Le tournant cognitiviste et la référence au modèle de l’ordinateur pourraient donner à penser que le concept qui permet de définir l’esprit est celui de « l’automate spirituel ». Ce modèle, repris des philosophies classiques (inventé par Spinoza et repris par Leibniz), affirme qu’il est possible d’envisager l’esprit comme une machine d’un certain type qui aurait ses propres lois de fonctionnement. Toutefois, cette référence à l’automate spirituel n’implique pas que la philosophie cognitive soit davantage spinoziste que cartésienne. En effet, l’idée d’une machine spirituelle, mentale ou cérébrale, apparaît compatible avec un cartésianisme réformé.
La philosophie de l’esprit, sous la forme de la philosophie cognitive, se manifesterait comme une forme de cartésianisme, un « cartésianisme modernisé », c’est-à-dire débarrassé du dualisme substantiel ou métaphysique. Toutes les philosophies cognitives pourraient être désignées par l’appellation de cartesianism cum materialism, utilisée par Hilary Putnam, c’est-à-dire de « cartésianisme matérialiste ou moniste ». Elles auraient en commun de rejeter le dualisme cartésien, mais de reprendre au cartésianisme trois caractéristiques : assigner à l’esprit un lieu, l’intériorité ; attribuer à cet esprit un fonctionnement représentationniste ; admettre la thèse cartésienne de l’interaction entre le mental et le physique. Pour le second Putnam, c’est ce cartésianisme qu’il conviendrait de dépasser.
Le mentalisme et son refus
En conclusion, Pascale Gillot reprend la distinction, exposée par Vincent Descombes [4], entre deux branches opposées de la philosophie de l’esprit : une branche mentaliste et représentationniste selon laquelle l’opposition entre l’intérieur et l’extérieur est pertinente, et une branche non mentaliste et externaliste, pour laquelle l’esprit est à comprendre à partir d’un contexte social et linguistique (holisme inspiré de Charles S. Peirce, Ludwig Wittgenstein et Gilbert Ryle). La question qui permet d’établir cette distinction étant : où placez-vous l’esprit ? L’auteur semble suggérer que cette seconde branche, affranchie du cartésianisme, se rapprocherait de la philosophie de l’esprit spinoziste. Or, rien n’est moins sûr, parce que soutenir une thèse holistique du mental, ce n’est pas seulement refuser la localisation de l’esprit, ainsi que son fonctionnement représentationniste, c’est aussi considérer que l’esprit a une dimension socialement instituée et normative et on ne voit pas comment cette thèse pourrait s’accorder avec celle de lois causales de la pensée. Autrement dit, il y a sans doute une incompatibilité entre penser l’esprit par rapport aux institutions sociales, qui proposent des règles et fournissent à l’agent des raisons, et vouloir décrire le fonctionnement de l’esprit en termes de causalité. Cela reviendrait à confondre raisons et causes.

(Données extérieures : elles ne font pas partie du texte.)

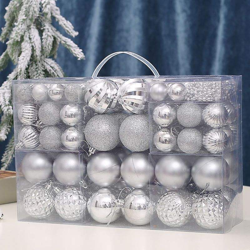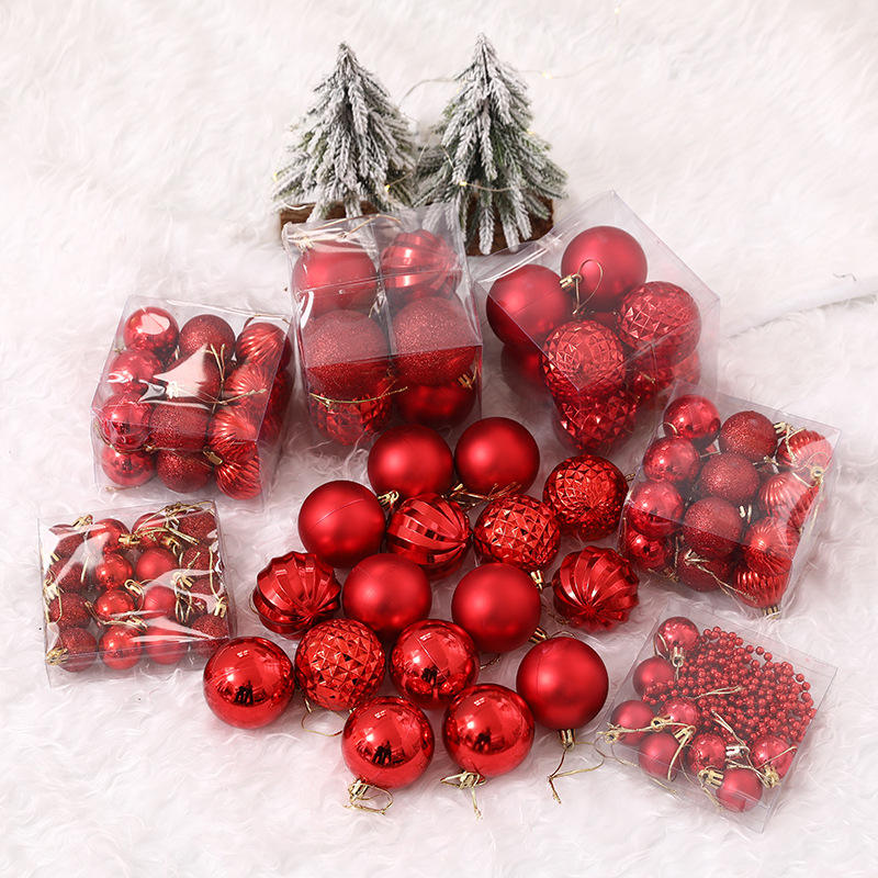 1pc/set in 1 opp bag, then package in 1 carton Wholesale 93pcs Glitter Frosted Plastic Hanging Christmas Ball Festival Decorations Pendant Christmas Ornaments For Home Decor

Pascale Gillot suggère que toutes les philosophies de l’esprit post-cartésiennes formulent des critiques internes au cartésianisme. Pourtant, l’externalisme anti-mentaliste semble bien être un refus frontal, celui d’une philosophie de l’esprit qui refuse de prendre le titre de science. En suivant encore la distinction faite par Vincent Descombes, on opposerait les philosophies de l’esprit qui revendiquent le titre de science et qui proposent des modèles pour penser l’esprit et orienter les recherches empiriques (les sciences cognitives) à celles qui refusent de le faire parce qu’elles s’en tiennent à une enquête conceptuelle. Ces dernières, comme le montre d’ailleurs Pascale Gillot à propos de Gilbert Ryle, ont parfois rompu avec le cartésianisme en éliminant le problème du rapport entre le corps et l’esprit.